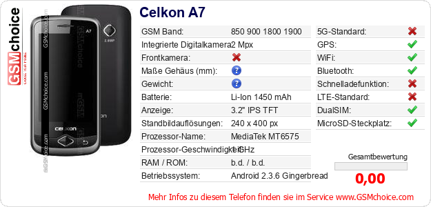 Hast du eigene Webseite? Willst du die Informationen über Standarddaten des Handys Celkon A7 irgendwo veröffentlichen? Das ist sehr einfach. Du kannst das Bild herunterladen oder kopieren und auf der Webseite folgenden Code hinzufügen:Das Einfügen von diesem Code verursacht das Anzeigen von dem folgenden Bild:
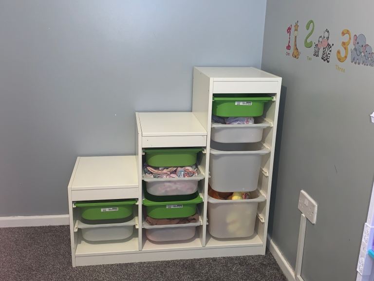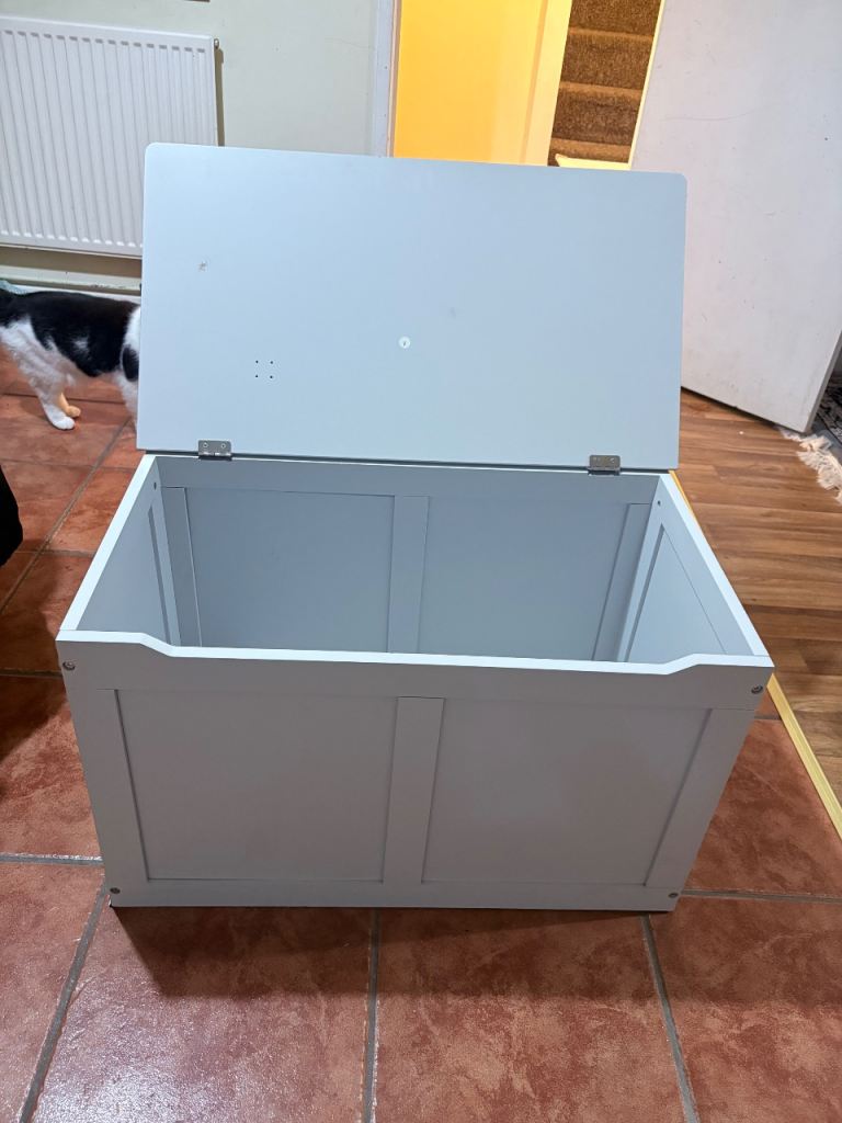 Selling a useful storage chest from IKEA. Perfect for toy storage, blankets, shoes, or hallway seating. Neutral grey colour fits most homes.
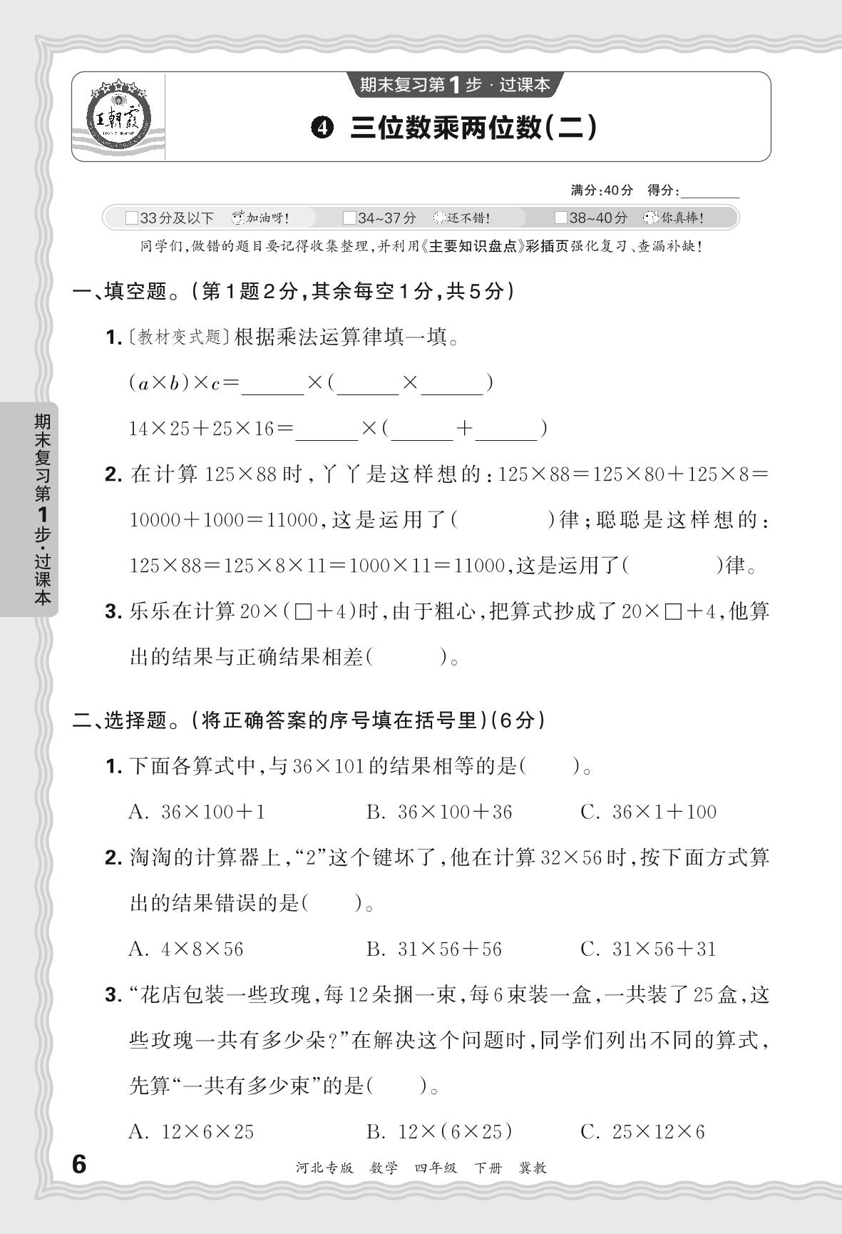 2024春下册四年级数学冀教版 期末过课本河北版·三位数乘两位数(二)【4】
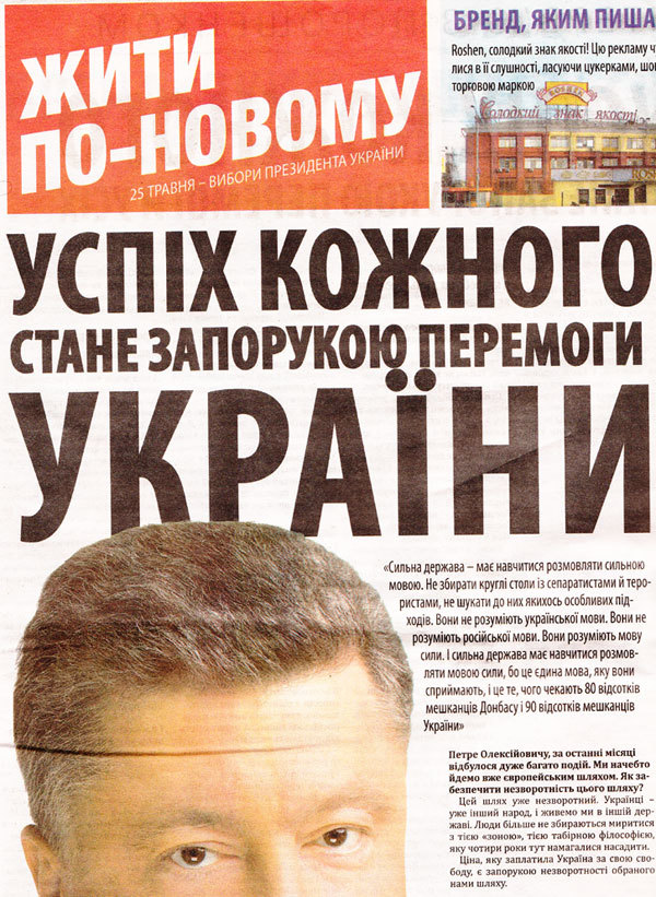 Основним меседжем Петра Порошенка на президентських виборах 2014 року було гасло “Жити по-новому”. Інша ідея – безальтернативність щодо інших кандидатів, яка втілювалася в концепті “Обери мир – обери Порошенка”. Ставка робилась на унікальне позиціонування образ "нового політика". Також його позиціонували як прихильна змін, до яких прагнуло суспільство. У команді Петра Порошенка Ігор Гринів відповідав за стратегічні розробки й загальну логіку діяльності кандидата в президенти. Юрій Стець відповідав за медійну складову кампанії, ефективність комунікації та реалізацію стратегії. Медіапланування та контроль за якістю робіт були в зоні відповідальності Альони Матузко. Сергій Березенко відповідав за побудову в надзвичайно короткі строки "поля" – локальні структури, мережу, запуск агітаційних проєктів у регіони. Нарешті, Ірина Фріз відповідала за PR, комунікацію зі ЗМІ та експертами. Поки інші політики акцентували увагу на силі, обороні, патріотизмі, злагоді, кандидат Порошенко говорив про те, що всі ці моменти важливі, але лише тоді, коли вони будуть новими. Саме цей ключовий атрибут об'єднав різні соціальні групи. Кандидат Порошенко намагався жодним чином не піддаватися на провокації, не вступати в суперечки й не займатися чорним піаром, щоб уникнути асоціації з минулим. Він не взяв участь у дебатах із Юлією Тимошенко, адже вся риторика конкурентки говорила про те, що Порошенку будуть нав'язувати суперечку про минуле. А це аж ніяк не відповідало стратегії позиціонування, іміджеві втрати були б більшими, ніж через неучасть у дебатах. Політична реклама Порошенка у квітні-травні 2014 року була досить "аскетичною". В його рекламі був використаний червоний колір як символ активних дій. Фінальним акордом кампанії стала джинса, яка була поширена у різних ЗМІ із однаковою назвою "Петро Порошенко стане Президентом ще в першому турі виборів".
= = = = = = =
TASK ITEM.
Only one stretch of the data is wanted: write out exactly the lines from the one holding "Selling a useful" through the one holding "2024春下册四年级数学冀教版 期末过课本河北版·三位数乘两位数(二)【4】", both included, without the pictures.

RESPONSE TO THIS EXERCISE.
 Selling a useful storage chest from IKEA. Perfect for toy storage, blankets, shoes, or hallway seating. Neutral grey colour fits most homes.
 2024春下册四年级数学冀教版 期末过课本河北版·三位数乘两位数(二)【4】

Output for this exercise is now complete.